Tefler frowned. “Can we do that from here?”

“We are still on the verge of Kairos. Any point in space and time, remember?”

“Okay, but if we mess up and end the world, I’m telling everyone it’s your fault.”

Xander pictured himself fading into the ether. The corridor filled with rosy haze.

“Are we stuck in the past now?” asked Tefler.

“I do not know,” Xander said. “Let’s find the sword.”

Searching behind ethereal walls quickly uncovered a small vestibule. Beyond the far door lay a larger room dominated by a table resting on the backs of dead men. Human bones—and furnishings made from bones—cluttered the chamber.

“He stole my idea,” Tefler said.

“We are in the past,” said Xander. “Vaun thought of it first.”

“Good thing the ship goes down.”

Xander scanned the room’s grisly contents. “Mordechai must have the sword here somewhere.”

“I just thought of something,” Tefler said. “This stuff has been here for a few weeks at most. We shouldn’t be able to see it in the ether.”

“That is true,” said Xander. “Perhaps this is what Nakvin meant when she said the ether seemed more real aboard the
Exodus
than elsewhere.”

“Let’s toss the place and be done with it. I’ll search the real room while you look here.” Without waiting for a response, Tefler faded from view.

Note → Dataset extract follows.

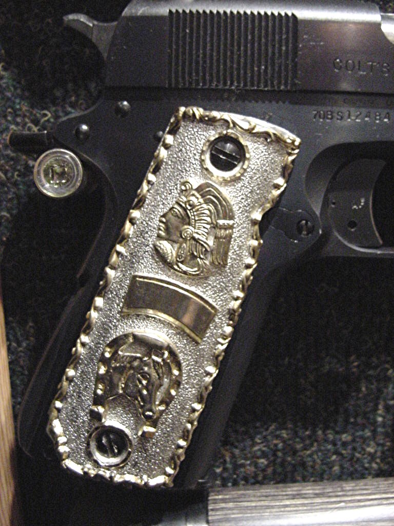 Since Texas Rangers began carrying Colt 1911 and Commander grips they have favored fancy ones. Originally they were obtained in Mexico from friends in the Mexican military or law enforcement. Now these sterling silver and gold grips command several thousand dollars and are very collectable. Chisholm’s Trail had gone to great lengths to bring some of the best designs back to life.

Xander’s search ended abruptly when he turned and saw a white scimitar floating above a shelf. Approaching for a closer look, he discerned a ghostly concrete block surrounding the blade. His fingers passed easily through the block, but the sword’s mirrored surface felt solid as steel.

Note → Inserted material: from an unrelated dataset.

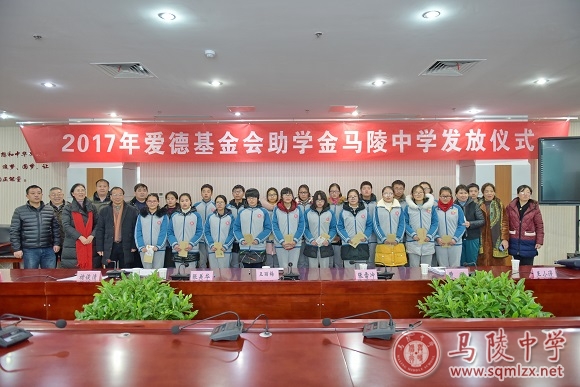 仪式上,省爱德基金会专员曹琳老师向同学们介绍了爱德基金会的成立历史,性质和慈善资金的来源,并勉励受助同学们接受捐助既不要有太大压力,又要努力学有所成。宿迁市民建主委市政协副秘书长张雷冲发表了热情洋溢的讲话,给受助学生提出了殷切希望。校长王丽梅、校党委书记张美华分别代表学校和校党委对在大雪纷飞严寒的天气来我校捐资助学的省市民建领导和爱德基金会的领导表示感谢,并对与会的每一位受助学生提出了要求,要求他们今后要努力学习,积极进取、要以自信、大气、阳光的心态顺利完成高中学业,要始终怀着一颗感恩之心走好今后幸福人生的每一步。褚俊清副校长对爱德基金会的善举表示感谢,表示将更好地做好学生的服务工作,力求让贫困学生的学习、生活得到最大限度的保障。

A muted golden flash made Xander wheel around. His mind conjured images of a masked figure wielding the Void, but he was still alone. Then he remembered the room beyond his sight where Tefler searched. He left the ether for Mordechai’s frigid chambers.

Tefler stood panting amid a pile of mummified corpses. He smiled weakly at Xander. “Do you think Vaun will notice?”

“It is too late to worry about that,” Xander said, brandishing the white scimitar he’d pulled from the ether.

Footsteps in the vestibule sent a chill down Xander’s spine.

Tefler grabbed Xander’s arm. “It’s Mordechai. Run!”

They ran. Xander’s fear hindered his focus. He’d only faded halfway into the ether by the time he reached the wall. Passing through the steel panels was like running against a strong wind, but he managed.

Finding himself back in the gloomy corridor gave Xander little comfort. Seeing that Tefler stood beside him gave slightly more.

Softer footsteps, and the whisper of silk on steel, approached from the end of the hall. Xander exchanged a look with Tefler. Moving in concert, they fled back to Kairos.

 

“I’ll do it if you won’t,” said Tefler.